Is it a perfect game? No, but its damned close. The theft system is unrealistically difficult. If you steal anything anywhere, so much as a coffee mug, the item is flagged in your inventory as stolen and no legitimate shopkeeper will buy it from you. And if you run across a guard in a city, even hundreds of miles from where you stole the coffee mug, he’s going to know you stole it immediately, take the mug and make you pay a fine or throw you in jail. I could understand that if I had stolen something particularly valuable or unique like the Hope Diamond, but even cheap, anonymous items are unstealable. Picking locks, which involves a sort of lock-picking mini-game, is just easy enough to be boring and just hard enough to be frustrating. Worse still is that, lacking sufficient magic to cast the lock open, there’s no way to get inside a chest if you don’t have a pick to open it – you can’t bash it open with a warhammer or blast it open with a lightening bolt. The chest and lock are invulnerable, and unless you’re a member of the thieves guild (from which you can buy picks), you have to make due with the ones you find in dungeons and such. I’m not presently a member of the thieves guild, I have like 15 picks in my possession, and the average dungeon contains about 10 locked chests. You don’t break a pick every time you open a chest, but the math as a whole is not in your favor.
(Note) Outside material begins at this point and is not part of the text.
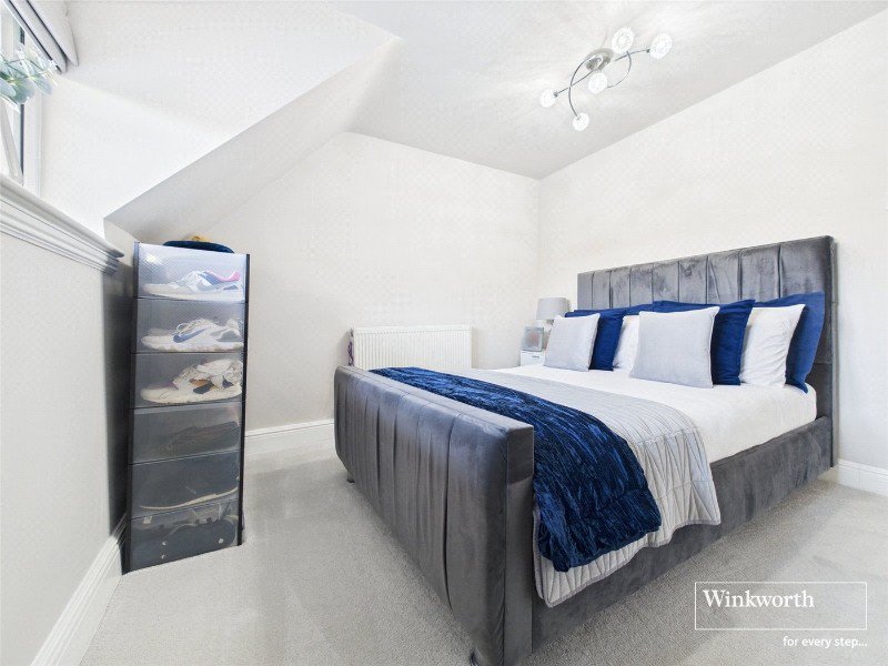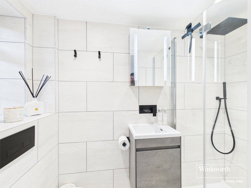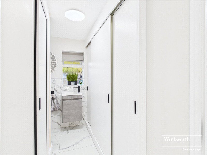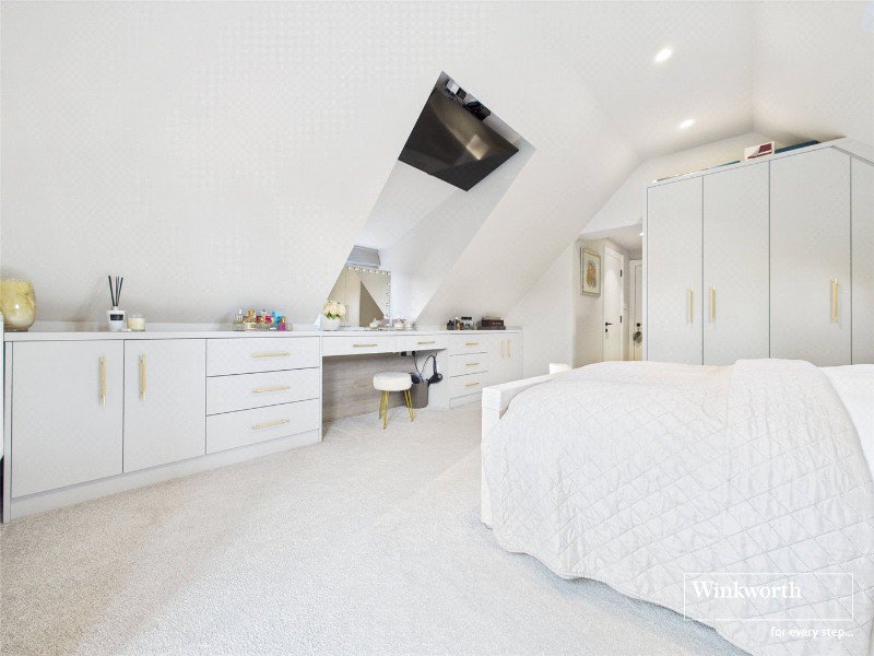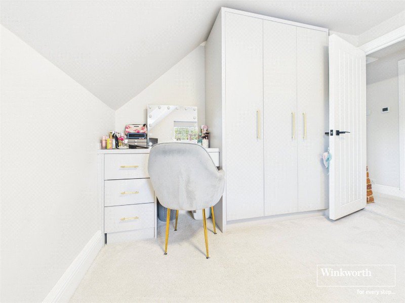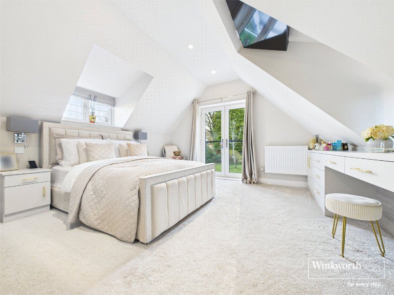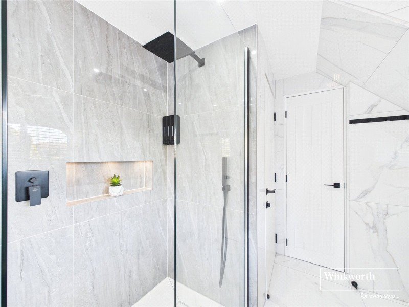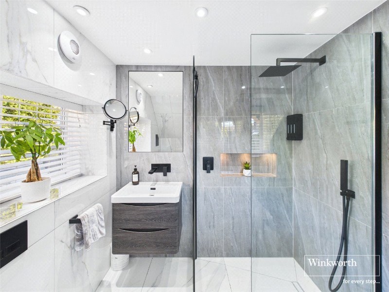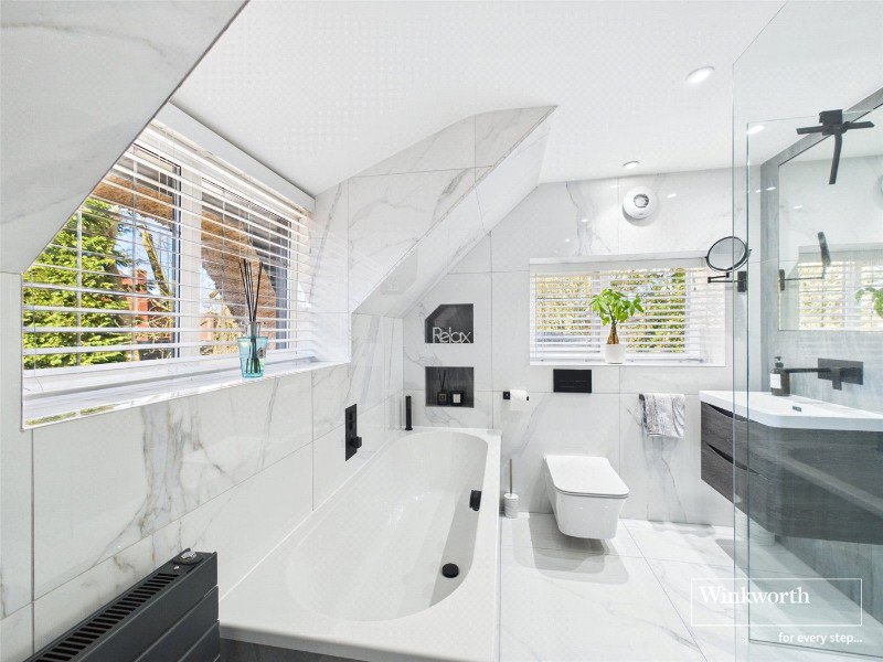 Upstairs, the principal bedroom is a luxurious triple-aspect suite with fitted wardrobes and a large dressing table. The en-suite bathroom is fully tiled and includes a generous walk-in shower, WC, and integrated vanity unit. Two additional double bedrooms are also on the first floor, each with fitted wardrobes, with bedroom two enjoying dual aspect windows offering views of both the rear and side gardens. A high-specification family bathroom, complete with a separate shower and bath, serves these rooms.

The world of Oblivion is big. Really big. It takes a really long time to walk across it, though you can buy a horse to ride and save yourself some time. There are a dozen major cities, a multitude of smaller villages, untold numbers of dungeons, mines, caves, ruins, forts, temples, shrines and camps. I’ve run across many different weapons, pieces of armor, a couple of dozen potion ingredients, magic rings, necklaces and jewels. I’ve battled imps, goblins, bears, boars, spiders, rats, crabs, fish, orcs, ogres, giants, mages, thieves, wolves, and the lists go on and on. I regret (insofar as the review is concerned) that I have not played World of Warcraft so I can’t make any comparison there, but other than a couple of thousand people running around with names like Giantschlong177 and server lag, I can’t imagine what it could add to the experience. Oblivion is by far the closest I have come to playing D&D Sunday afternoons with my friends (yes, I did that, though I’m on medication now), all wrapped up in a stunning package with tens of thousands of lines of spoken dialog and good music. Oblivion is supposed to have hundreds of hours of playtime inside. As I’ve solved about 20 quests, have another 10 open in my quest log, and have yet to even get involved in the plot, I find that very easy to believe. What more could an RPG fan want?